We all know the story from the Old Testament: Two women (harlots, the author gratuitously tells us) came to King Solomon to resolve a dispute. Each had given birth only days earlier. One had accidently rolled onto her infant and smothered it while sleeping. Each woman claimed to be the mother of the surviving infant.
It took King Solomon no time at all to resolve the issue. (He was, after all, the wisest man in all the world.) “Bring me a sword,” he said, “divide the living child in two, and give half to the one and half to the other.”
One woman said fine with me, cut the child in two and give us each half. The second woman, horrified at the suggestion, said give the baby to the other woman, but for heaven’s sake don’t cut it in two!
Solomon delivered his judgment, saying of the second woman, “Give her the living child, and in no wise slay it: she is the mother thereof.” 1 Kings 3: 16 – 28 (KJV).
The lesson of this story seems so clear, so self-evident that it couldn’t possibly be misunderstood. Yet countless lawyers and others in and around the legal profession–law professors, arbitrators, legal reporters and commentators, even judges—continually refer to Solomon as having actually cut the child in two and given half to each woman. They cite Solomon’s severing of the child as evidence of his wisdom, and a dead, bifurcated baby as a model of equitable dispute resolution.
Don’t believe it? Consider how many times you’ve heard a lawyer in settlement negotiations or mediation propose “splitting the baby,” so that each side can claim a partial victory. How many times have you heard a judge or arbitrator praised as having the wisdom of Solomon after disposing of a case by dividing the disputed property, with a share going to each side?
In 2012 an opinion by Chief Justice Roberts upheld the legality of the Affordable Care Act, while including points favorable to opponents of the act. Time magazine likened Roberts to Solomon: “Not since King Solomon offered to split the baby has a judge engineered a slicker solution to a bitterly divisive dispute.” The reporter apparently forgot that when Solomon rendered judgment, one woman walked away with nothing.
In 2019 an NPR report considered the Chief Justice’s occasional vote with his liberal colleagues, such as his vote against a citizenship question on the 2020 census questionnaire, compared with his general alignment with the conservatives, as in his vote against the Voting Rights Act. Professor Josh Blackman of Southwest College of Law offered the on-air observation that “Roberts is motivated by some sort of Solomonic dogma, that in any given case of high note that the correct decision is one where he splits a proverbial baby.”
The correct decision is to split a baby?
On a single day in 2005 the Supreme Court ruled that displaying the Ten Commandments on Kentucky public property violated the First Amendment but a six-foot monument to the Ten Commandments on Texas public property did not.

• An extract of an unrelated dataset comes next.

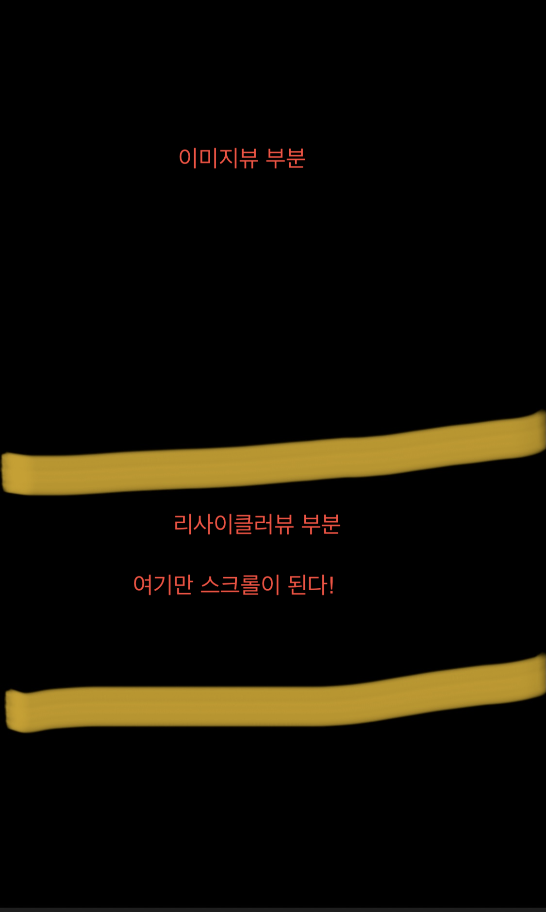 이렇게 하면 화면 상단에 있는 이미지는 내려가지 않고 스크롤이 되는 부분은 리사이클러뷰 부분만 스크롤이 되는 문제가 발생하여

NPR headlined Nina Totenberg’s report on the decisions “Justices ‘Split the Baby’ in Ten Commandments Ruling.” The report included the observation by Professor Richard Garnett of Notre Dame Law School that “by splitting the baby,” the Court helped to diffuse a difficult situation.
Splitting a baby diffuses tough situations? Solomon must be weeping in his grave.
Early in my career I was taught that a good lawyer’s rejection of a course of action should include an acceptable alternative. How about substituting “split the difference” for “split the baby”? And if the outcome involves any kind of split, let’s leave Solomon out of it.